Purpose of Carbohydrates


Why eat Carbohydrates?

Carbohydrates are the predominant fuel for muscles as the majority of activity relies on glucose (carbs) for energy. There is no physiological function of carbohydrates for them apart from energy. It is also the preferred fuel for the heart, nervous system and brain that use ~130g daily.

How much do you need?

It depends on your goals, the amount of exercise and intensity you train at. The longer and harder you train the more you need. For example, if you do moderate activity (swim, run, cycle) for an hour a day then you should aim to consume 5-7g/kg of body weight daily for optimum nutrition.

What if you over or under eat Carbohydrates?

Under Eating

Low carbohydrate diets or exercising with low stores can result in early fatigue, reduced stamina and poor performance. I.e. Have you ever ran or swam on an empty stomach? If you eat too few after training recovery will be impaired and extended, symptoms of over training may become present.

Over Eating

Once eaten carbohydrates are converted into glycogen and stored in your liver and muscles. These stores are small and can only store around 100g (400calories) in liver and 400g (1600 calories) in muscles. Once your stores are ‘full’ the body converts excess carbs into fat. More carbs does not equal more energy, similar to overfilling a fuel tank won’t make your car go faster.

The Sugar Debate

Performance

Sugar can aid performance that lasts over 60minutes and muscles need quick fuel. Consuming a sports drink/banana/ dried fruit can help perform longer or maintain intensity. It is not necessary for shorter sessions. Eating too much or poorly timed intake can lead to too much insulin being created by the body, leading to lower blood glucose levels than before and feelings of tiredness, weakness and lightheaded. It is ‘safer’ to consumer a low GI meal 2-4hours before exercise or only consume small amounts of sugar prior to exercise.

Health

The main issue is that sugar leads to tooth decay. It also makes food and drink more palatable and therefore more easy to over-consume. It is not fattening, but can lead to over-consumption of calories. his is linked to obesity and type 2 diabetes, but main contributor of this is excess calories not sugar.


Glycaemic Index

Glycaemic Index is the ranking of foods from 0-100 based on their immediate effect on blood sugar levels in the bloodstream. Carbohydrates used to be classified as simple or complex according to number of sugar units in the molecule. But this tells little about the effect on the blood glucose level.

What use is GI? 

You can use the GI of foods to plan intake around your training and competition. High GI means fast release and fast energy. Eat low or moderate GI meals in your day to day. This regulates blood glucose and insulin levels, promotes recovery and keep energy levels constant. Also lowers the risk of type 2 diabetes and cardiovascular disease.

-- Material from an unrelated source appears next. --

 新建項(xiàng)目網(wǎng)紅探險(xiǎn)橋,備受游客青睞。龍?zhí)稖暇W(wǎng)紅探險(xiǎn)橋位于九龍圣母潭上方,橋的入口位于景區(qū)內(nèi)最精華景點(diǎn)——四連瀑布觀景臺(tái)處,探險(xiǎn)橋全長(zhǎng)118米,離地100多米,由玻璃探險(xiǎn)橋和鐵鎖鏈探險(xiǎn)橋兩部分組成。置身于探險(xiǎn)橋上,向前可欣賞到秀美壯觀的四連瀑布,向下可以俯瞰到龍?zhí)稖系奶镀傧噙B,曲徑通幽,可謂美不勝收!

GI does not take into account portion size. You can use Glycaemic load (GL) instead. 

GL= (GI x carbohydrates per portion) / 100.

For optimal glycogen storage and minimal fat storage aim to achieve a small or moderate glycaemic load – eat little and often.  Some foods may have a low GI, such as Crisps, but can easily be over eaten. While high GI such as Watermelon, you would need to eat 720g to raise blood glucose significantly, while he average portion is 120g and only provide 6g of carbs so has no effect.


Which GI and When


Low GI (<55)

Your main meals throughout the day should be low to moderate GI. This provides a smaller but longer rise in your blood glucose, providing energy throughout the day.

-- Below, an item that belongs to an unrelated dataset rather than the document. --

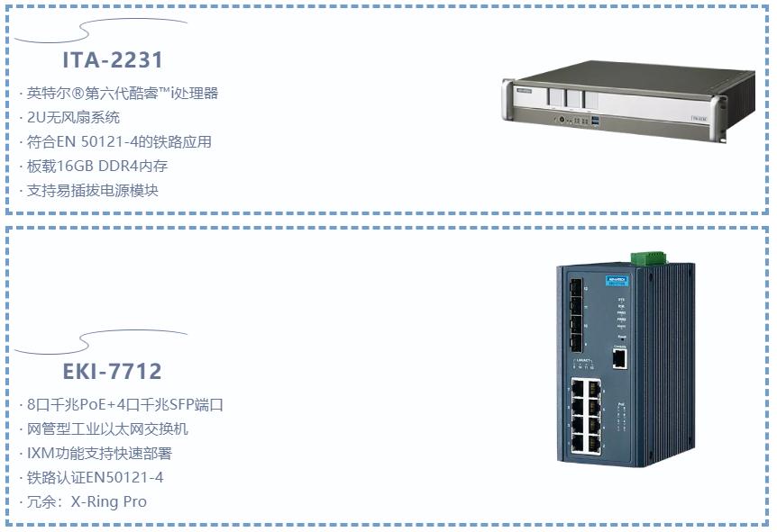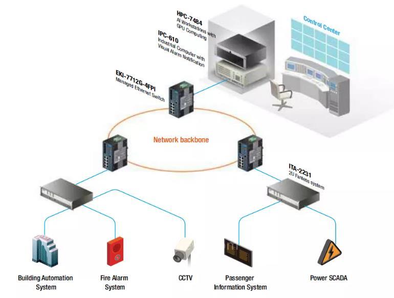 研华提供了两种产品:无风扇可扩展机架式工业计算机ITA-2231,以及可提供多种接口和高速连接的网管型以太网交换机EKI-7712。地铁的综合监控系统必须提供两级管理控制机制,ITA-2231作为前端处理器(FEP)和位于不同位置的转码器实现了全面监控,以提供灵活的接口。同时,EKI-7712帮助ISCS快速、安全地访问承载网络。因为它是一个可控通信设备,具备安全隔离和防护功能。

Examples of Low GI foods include:

Peanuts (14), Whole Milk (27), Skimmed Milk (32), Spaghetti (38),  Milk Chocolate (43), Carrots (47), Banana (52), Crisps (54), Brown Rice (55)

Moderate GI (56-69)

Your main meals throughout the day should be low to moderate GI. This provides a smaller but longer rise in your blood glucose, providing energy throughout the day. Moderate GI meals will provide more energy that low GI meals and should be consumed when you have an activity packed day.

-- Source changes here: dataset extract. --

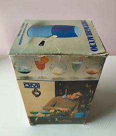Tritaghiaccio OMI a manovella, vintage, anni '60-'70, marca OMI made in Italy. In plastica dura, bianco e azzurro, 4 lame in acciaio inossidabile. Funzionante e in ottime condizioni, essendo stato utilizzato pochissime volte. Altezza 21cm, diametro 12cm (16cm con manovella). Nella sua confezione originale.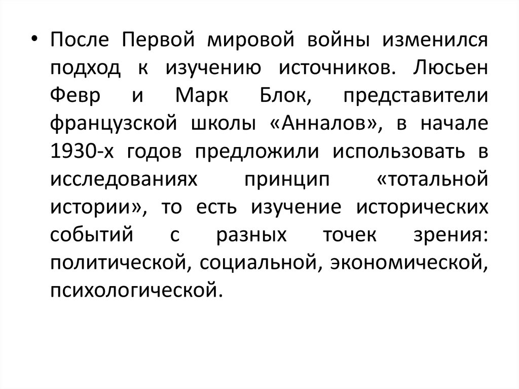 • После Первой мировой войны изменилсяподход к изучению источников. Люсьен

Examples of Moderate GI foods include:

Pitta bread (57), Porridge (58), Pizza (60), Tortillas (63), Couscous (65), Instant porridge (66), Croissant (67), Weetabix (74)

High GI (>70)

High GI food is ideal for when you need quick energy. Examples of such a situation include, just before a race or during an event that lasts over an hour. These foods provide a rapid rise in blood glucose. However, if you mistime or over-consume high GI food it can led to a rapid rise in insulin leading to lower blood glucose levels than before and feelings of tiredness, weakness and lightheaded. It is ‘safer’ to consumer a low GI meal 2-4hours before exercise or only consume small high GI snack prior to exercise.

Examples of High GI foods include:

White bread (70), Wholemeal bread (71), Watermelon (72), Cheerios (74), Chips (75), Cornflakes (81), Baked potato (85), Lucozade (95)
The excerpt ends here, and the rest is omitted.